*** DATA RECORDS ***

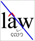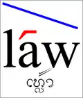 | alto nível com fechamento glotal (que cai um pouco no final[5]) (C1-3) | 44ʔ ou ˦˦ʔ | de queda alta, glotalizado (C1-3) | 53ʔ ou ˥˧ʔ | 44ʔ ou ˦˦ʔ | (nenhum) | /law˦˦ʔ/ | Escrita Lana | เหล้า | licor, bebida alcoólica |
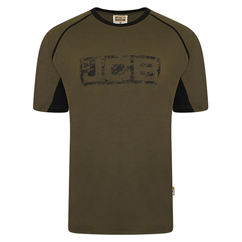 100% Cotton 180gsm Distressed JCB branding across chest Contrast collar & piping Woven JCB branding on right arm and left side seam
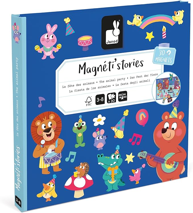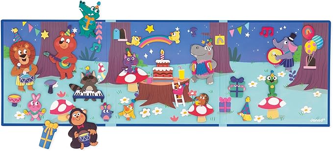 Découvrez une fête animée en pleine forêt avec le Magnéti’stories de Janod ! Ce livre magnétique en 3 parties stimule l’imagination des enfants dès 3 ans avec 30 magnets représentant des animaux festifs et des éléments de décoration.
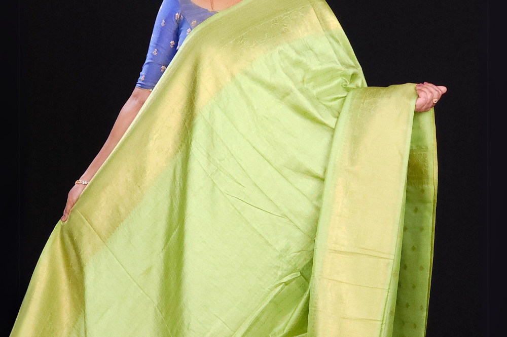 Pista Green Chanderi Silk Cotton Saree
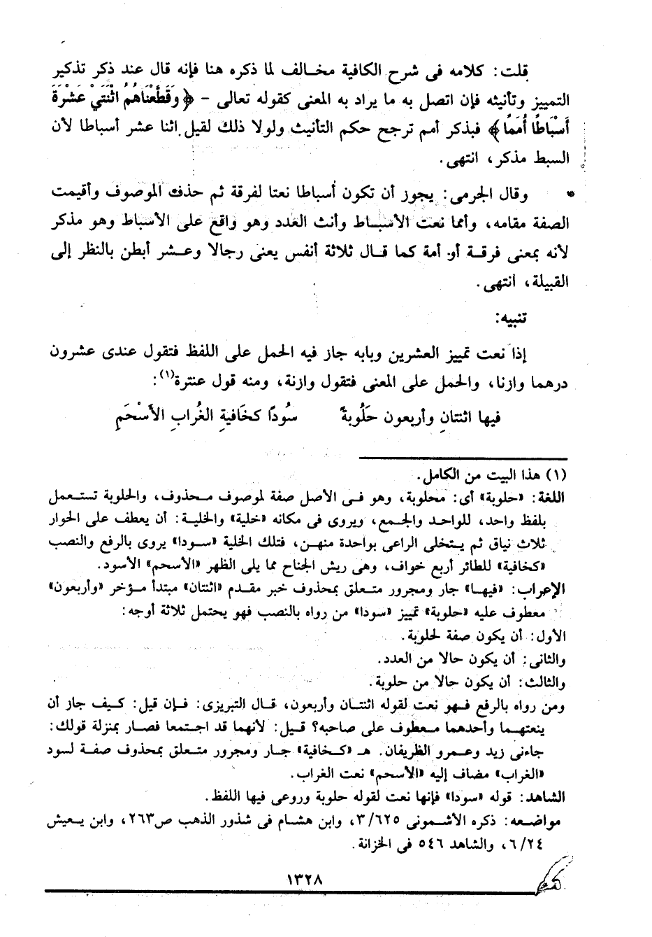 ومن رواه بالرفع فهو نعت لقوله: اثنتان وأربعون، قال التبريزي: فإن قيل: كيف جاز أن ينعتهما أحدهما معطوف على صاحبه؟ قيل: لأنهما قد اجتمعا فصار بمنزلة قولك: جاءني زيد وعمرو الظريفان. اهـ. "كخافية" جار ومجرور متعلق بمحذوف صفة لسود "الغراب" مضاف إليه "الأسحم" نعت الغراب.
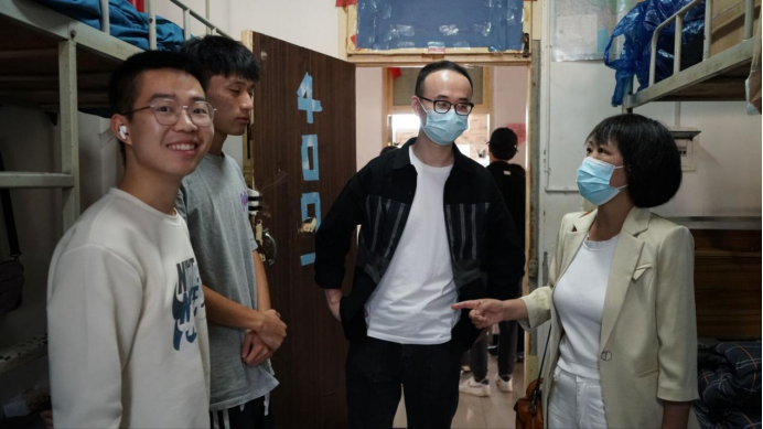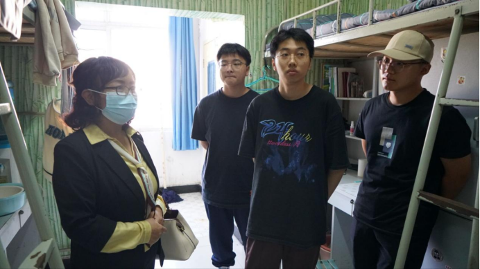2022级辅导员成英丽、张宇航通过走访宿舍,深入了解新生的基本情况,提醒新生要增强安全防范意识,确保人身财物安全,搞好文明寝室建设,营造良好的住宿与学习环境。同时希望同学们高度重视疫情防控工作,按时完成健康打卡;提醒大家要尽快转变角色,熟悉新环境,以积极的心态和良好的面貌迎接大公司园生活。
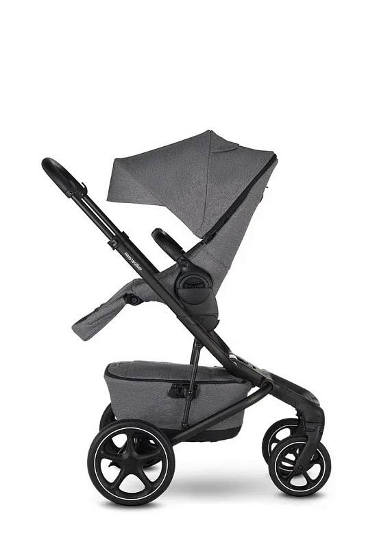 Комплектация Easywalker Jimmey включает в себя шасси с четырьмя колесами и корзину для покупок, прогулочный блок с капюшоном и бампером.
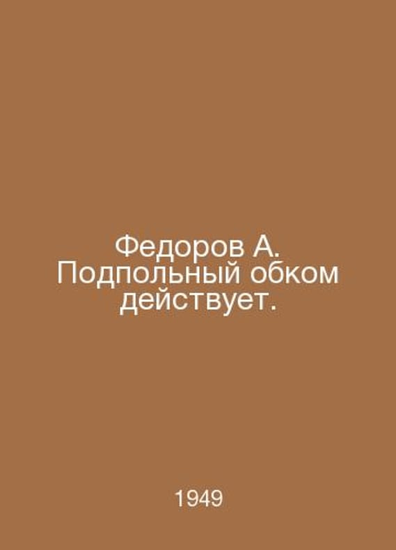 Fedorov A. The underground regional committee is active. In Russian /Fedorov A. Podpolnyy obkom deystvuet. M 1949.Contact us for details or to request photos of available books. Delivery of this book could take longer than normal due to additional handling time before shipping, and no rush delivery options are available. Please let us know if you have a specific date by which you need to receive your order.SKUalb974edbb6caf2fc9c

*** End of DATA RECORDS ***

* DESCRIPTION OF THE TASK: Copy the data word for word, no pictures.

* RESULT:
 | alto nível com fechamento glotal (que cai um pouco no final[5]) (C1-3) | 44ʔ ou ˦˦ʔ | de queda alta, glotalizado (C1-3) | 53ʔ ou ˥˧ʔ | 44ʔ ou ˦˦ʔ | (nenhum) | /law˦˦ʔ/ | Escrita Lana | เหล้า | licor, bebida alcoólica |
 100% Cotton 180gsm Distressed JCB branding across chest Contrast collar & piping Woven JCB branding on right arm and left side seam
 Découvrez une fête animée en pleine forêt avec le Magnéti’stories de Janod ! Ce livre magnétique en 3 parties stimule l’imagination des enfants dès 3 ans avec 30 magnets représentant des animaux festifs et des éléments de décoration.
 Pista Green Chanderi Silk Cotton Saree
 ومن رواه بالرفع فهو نعت لقوله: اثنتان وأربعون، قال التبريزي: فإن قيل: كيف جاز أن ينعتهما أحدهما معطوف على صاحبه؟ قيل: لأنهما قد اجتمعا فصار بمنزلة قولك: جاءني زيد وعمرو الظريفان. اهـ. "كخافية" جار ومجرور متعلق بمحذوف صفة لسود "الغراب" مضاف إليه "الأسحم" نعت الغراب.
2022级辅导员成英丽、张宇航通过走访宿舍,深入了解新生的基本情况,提醒新生要增强安全防范意识,确保人身财物安全,搞好文明寝室建设,营造良好的住宿与学习环境。同时希望同学们高度重视疫情防控工作,按时完成健康打卡;提醒大家要尽快转变角色,熟悉新环境,以积极的心态和良好的面貌迎接大公司园生活。
 Комплектация Easywalker Jimmey включает в себя шасси с четырьмя колесами и корзину для покупок, прогулочный блок с капюшоном и бампером.
 Fedorov A. The underground regional committee is active. In Russian /Fedorov A. Podpolnyy obkom deystvuet. M 1949.Contact us for details or to request photos of available books. Delivery of this book could take longer than normal due to additional handling time before shipping, and no rush delivery options are available. Please let us know if you have a specific date by which you need to receive your order.SKUalb974edbb6caf2fc9c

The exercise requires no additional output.